▶ Aim of the task:
Leaving the pictures aside, return the listing exactly as it appears.

▶ Material provided:

■ ■ ■

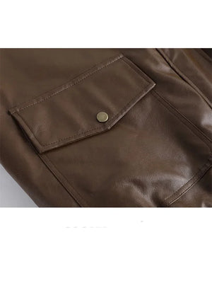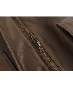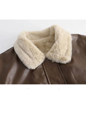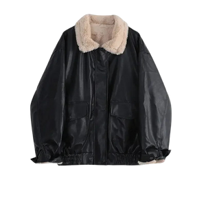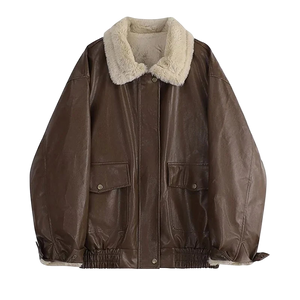 Embrace street style with a cozy twist in this oversized, vintage-inspired leather bomber jacket featuring a plush faux fur collar.
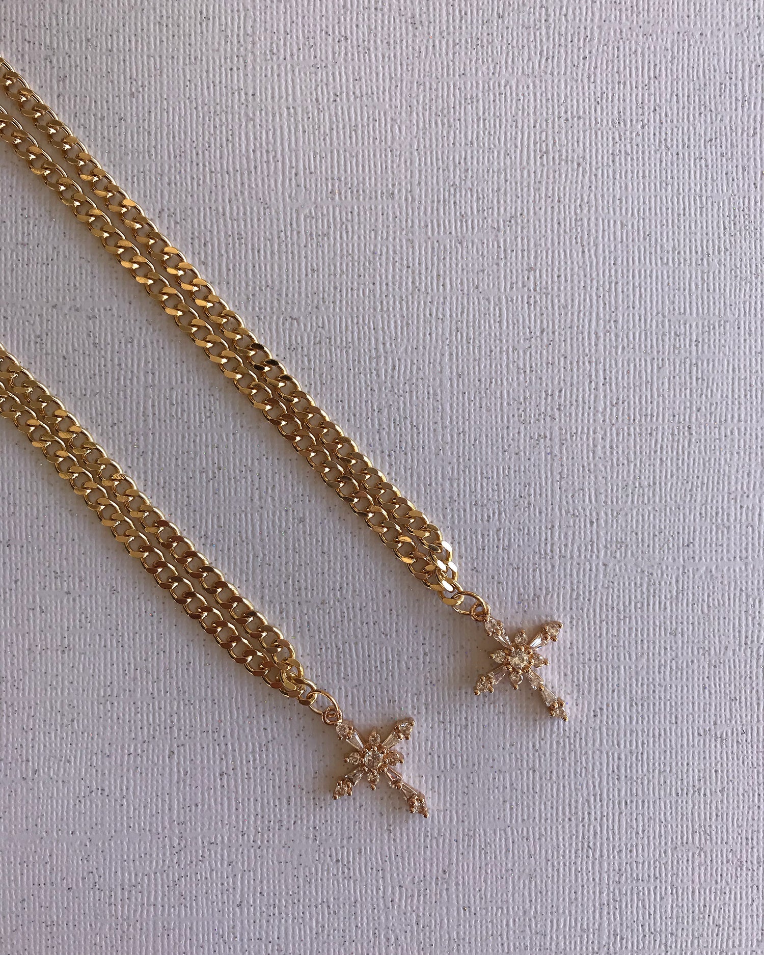 18k gold filled Cuban link chain with gold plated CZ detail.
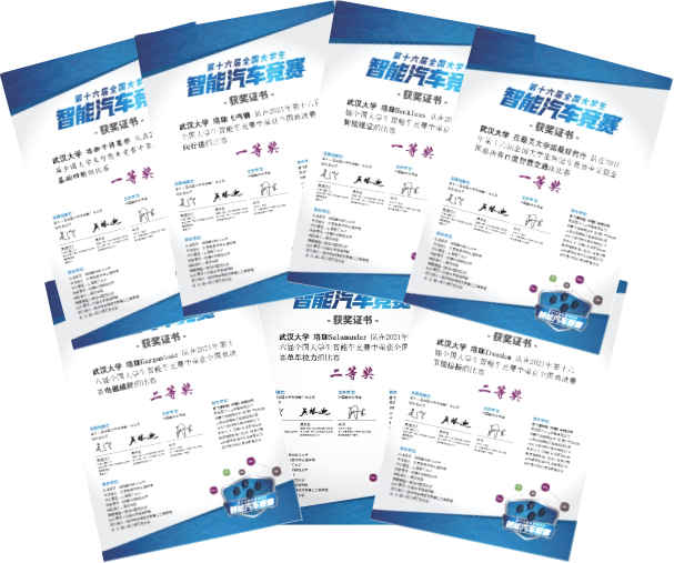 2021年8月份全国各地的疫情形势不容乐观,最终,原定于哈尔滨工程大学的全国总决赛改为线上直播举行,竞赛规则也发生了重大变化。这一改变,让大家措手不及,全体队员讨论方案、研究策略、制作标准赛道,抓紧时间调车。最终,在全国总决赛中取得了优异成绩,获得了全国一等奖4项,全国二等奖3项。
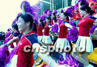 中国第九届全运会十二日在广东展开全面争夺战,少女啦啦队也登场遥相呼应。中新社记者 贾国荣 摄

■ ■ ■

▶ Result:
 Embrace street style with a cozy twist in this oversized, vintage-inspired leather bomber jacket featuring a plush faux fur collar.
 18k gold filled Cuban link chain with gold plated CZ detail.
 2021年8月份全国各地的疫情形势不容乐观,最终,原定于哈尔滨工程大学的全国总决赛改为线上直播举行,竞赛规则也发生了重大变化。这一改变,让大家措手不及,全体队员讨论方案、研究策略、制作标准赛道,抓紧时间调车。最终,在全国总决赛中取得了优异成绩,获得了全国一等奖4项,全国二等奖3项。
 中国第九届全运会十二日在广东展开全面争夺战,少女啦啦队也登场遥相呼应。中新社记者 贾国荣 摄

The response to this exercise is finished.